WORKING DATA>

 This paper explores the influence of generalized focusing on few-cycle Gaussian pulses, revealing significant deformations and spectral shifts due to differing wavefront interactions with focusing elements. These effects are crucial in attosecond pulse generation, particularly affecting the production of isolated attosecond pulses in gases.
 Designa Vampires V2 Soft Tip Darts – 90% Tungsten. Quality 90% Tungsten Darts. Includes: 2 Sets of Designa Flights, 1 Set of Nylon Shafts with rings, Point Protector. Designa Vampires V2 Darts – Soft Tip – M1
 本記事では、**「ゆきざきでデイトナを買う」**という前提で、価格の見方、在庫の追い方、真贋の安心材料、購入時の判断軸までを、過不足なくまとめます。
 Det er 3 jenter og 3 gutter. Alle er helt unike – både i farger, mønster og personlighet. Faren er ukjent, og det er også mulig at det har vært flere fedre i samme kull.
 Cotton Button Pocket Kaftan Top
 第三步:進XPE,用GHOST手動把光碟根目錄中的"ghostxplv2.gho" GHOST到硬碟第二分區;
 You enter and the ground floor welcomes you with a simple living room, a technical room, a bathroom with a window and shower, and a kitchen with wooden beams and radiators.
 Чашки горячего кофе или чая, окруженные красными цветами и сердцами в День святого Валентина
---
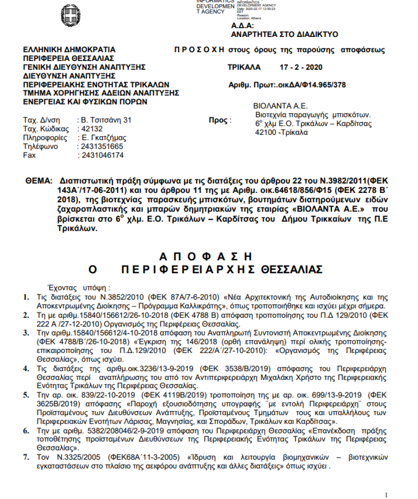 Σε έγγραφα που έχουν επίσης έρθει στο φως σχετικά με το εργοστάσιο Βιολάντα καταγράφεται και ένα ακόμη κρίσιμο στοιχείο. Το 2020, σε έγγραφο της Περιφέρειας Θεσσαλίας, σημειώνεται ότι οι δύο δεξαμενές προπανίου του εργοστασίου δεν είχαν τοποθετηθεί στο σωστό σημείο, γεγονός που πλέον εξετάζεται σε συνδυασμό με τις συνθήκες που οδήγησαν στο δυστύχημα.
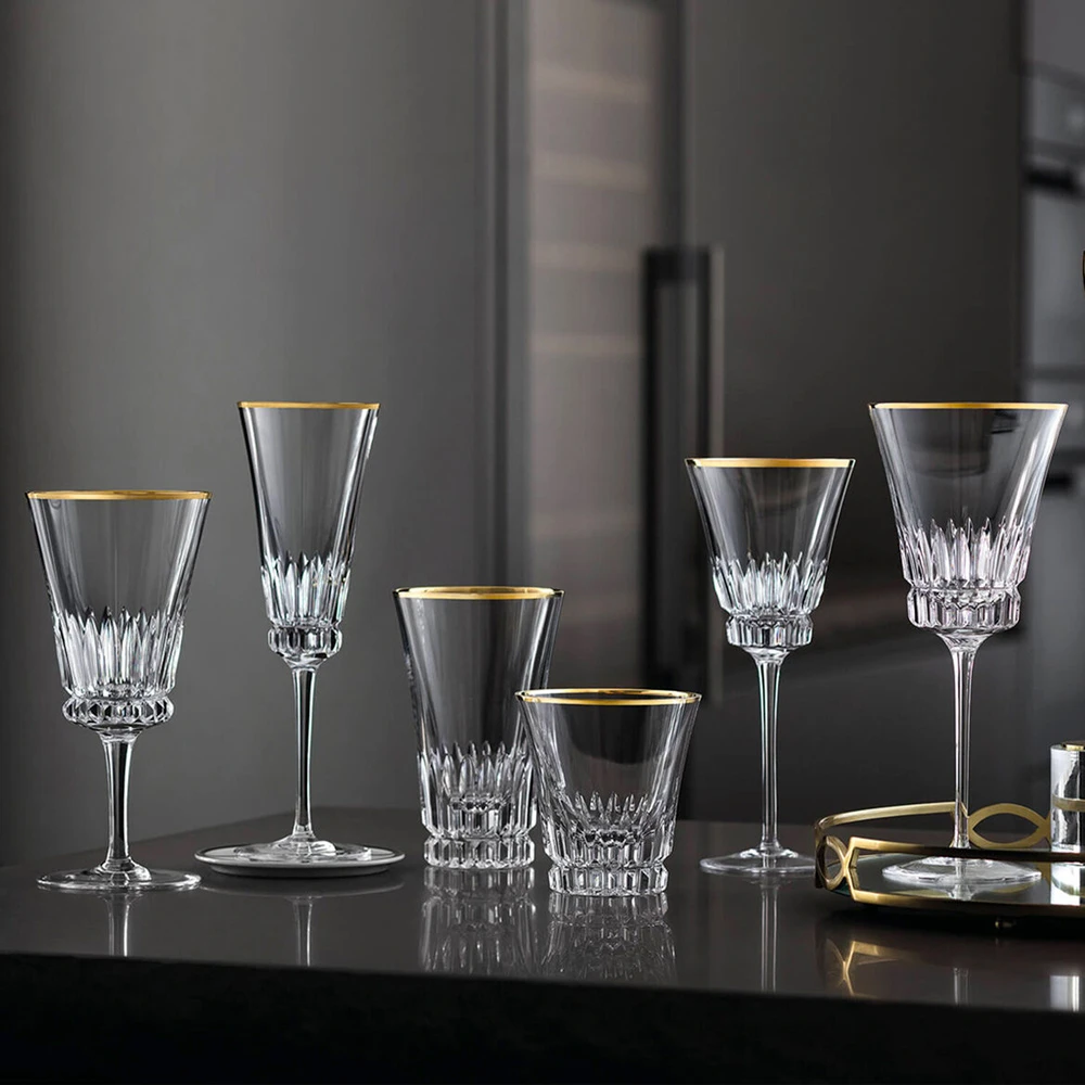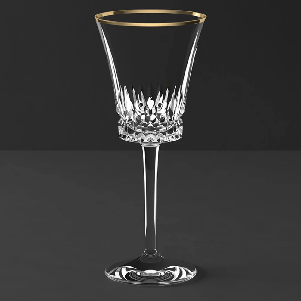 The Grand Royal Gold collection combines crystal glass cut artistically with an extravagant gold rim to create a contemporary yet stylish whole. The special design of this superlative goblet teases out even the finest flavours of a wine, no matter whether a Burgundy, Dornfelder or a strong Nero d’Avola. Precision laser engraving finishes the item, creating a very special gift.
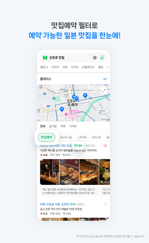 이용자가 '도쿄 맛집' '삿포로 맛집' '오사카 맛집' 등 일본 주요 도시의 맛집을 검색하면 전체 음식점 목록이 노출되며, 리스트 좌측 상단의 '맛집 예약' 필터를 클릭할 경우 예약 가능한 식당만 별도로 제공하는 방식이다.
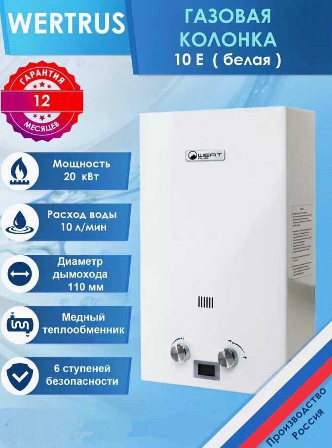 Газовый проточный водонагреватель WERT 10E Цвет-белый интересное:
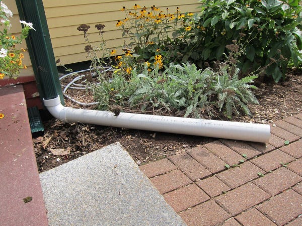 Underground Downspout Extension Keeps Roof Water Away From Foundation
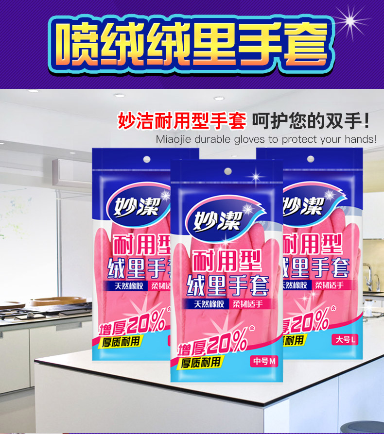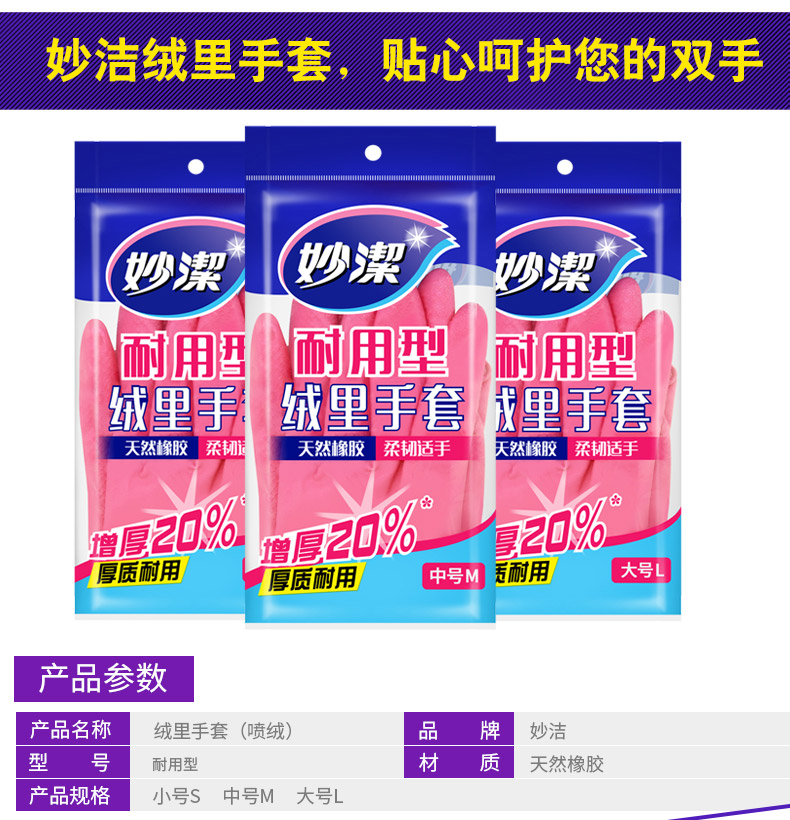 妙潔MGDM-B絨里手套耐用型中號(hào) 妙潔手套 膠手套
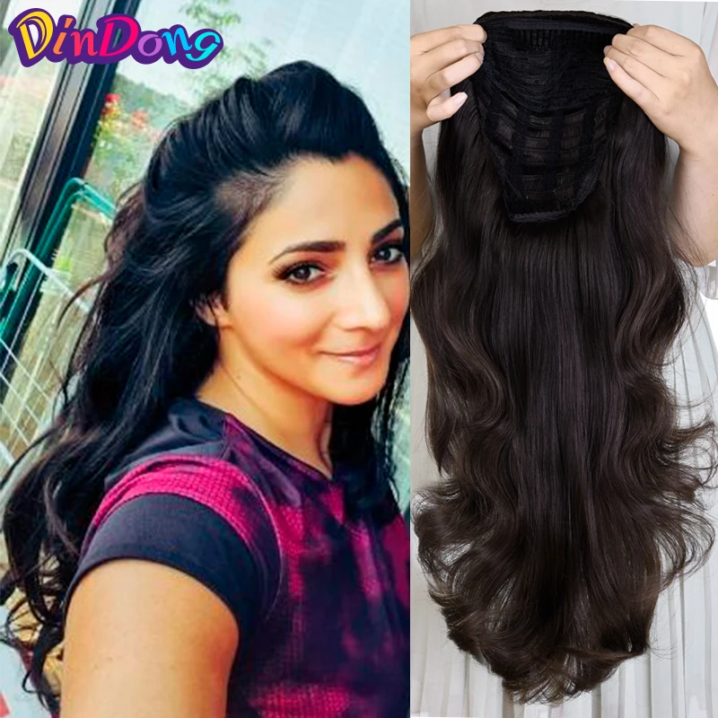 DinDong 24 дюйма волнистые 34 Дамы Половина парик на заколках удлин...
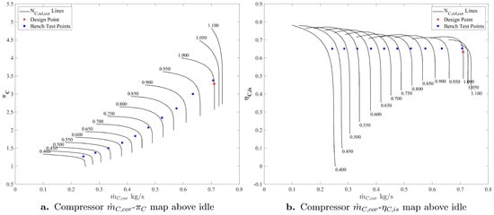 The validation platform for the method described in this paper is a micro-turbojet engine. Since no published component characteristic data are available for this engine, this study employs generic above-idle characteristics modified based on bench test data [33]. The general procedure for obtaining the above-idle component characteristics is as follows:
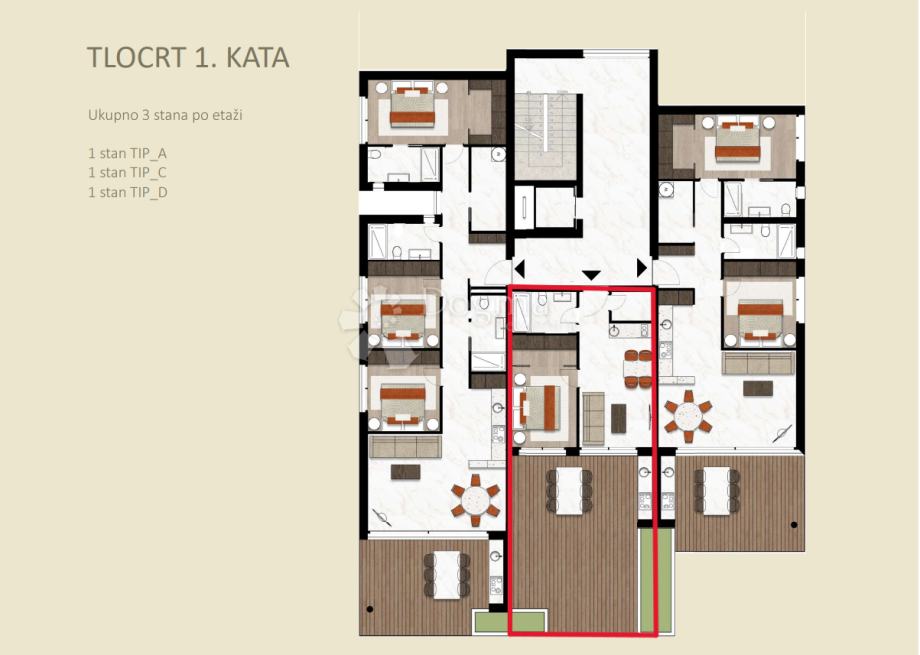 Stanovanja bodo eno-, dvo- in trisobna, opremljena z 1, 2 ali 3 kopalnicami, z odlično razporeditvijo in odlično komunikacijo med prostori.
--
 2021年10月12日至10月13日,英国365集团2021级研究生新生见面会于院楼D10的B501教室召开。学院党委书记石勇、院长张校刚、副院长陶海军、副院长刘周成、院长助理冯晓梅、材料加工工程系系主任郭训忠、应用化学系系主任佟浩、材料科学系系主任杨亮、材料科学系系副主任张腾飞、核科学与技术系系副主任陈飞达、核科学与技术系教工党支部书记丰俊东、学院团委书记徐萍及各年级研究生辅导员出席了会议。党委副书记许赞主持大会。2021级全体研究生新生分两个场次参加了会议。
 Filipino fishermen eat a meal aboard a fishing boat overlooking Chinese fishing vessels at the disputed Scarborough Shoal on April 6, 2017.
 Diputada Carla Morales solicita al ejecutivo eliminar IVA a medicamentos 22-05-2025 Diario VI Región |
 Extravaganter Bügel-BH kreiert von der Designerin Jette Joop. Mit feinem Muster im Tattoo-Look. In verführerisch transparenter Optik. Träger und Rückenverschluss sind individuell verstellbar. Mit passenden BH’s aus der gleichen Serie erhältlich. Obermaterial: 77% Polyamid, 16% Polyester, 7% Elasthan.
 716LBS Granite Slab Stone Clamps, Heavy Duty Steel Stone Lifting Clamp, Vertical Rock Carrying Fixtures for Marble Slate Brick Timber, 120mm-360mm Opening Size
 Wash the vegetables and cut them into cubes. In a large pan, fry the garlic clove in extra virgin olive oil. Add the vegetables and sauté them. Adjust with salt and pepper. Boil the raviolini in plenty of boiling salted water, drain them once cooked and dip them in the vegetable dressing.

WHAT TO PRODUCE> Look above for the line that contains "Diputada Carla Morales". Starting there, transcribe every line exactly until you have copied the line that contains "716LBS Granite Slab".

RESPONSE TO THE TASK>
 Diputada Carla Morales solicita al ejecutivo eliminar IVA a medicamentos 22-05-2025 Diario VI Región |
 Extravaganter Bügel-BH kreiert von der Designerin Jette Joop. Mit feinem Muster im Tattoo-Look. In verführerisch transparenter Optik. Träger und Rückenverschluss sind individuell verstellbar. Mit passenden BH’s aus der gleichen Serie erhältlich. Obermaterial: 77% Polyamid, 16% Polyester, 7% Elasthan.
 716LBS Granite Slab Stone Clamps, Heavy Duty Steel Stone Lifting Clamp, Vertical Rock Carrying Fixtures for Marble Slate Brick Timber, 120mm-360mm Opening Size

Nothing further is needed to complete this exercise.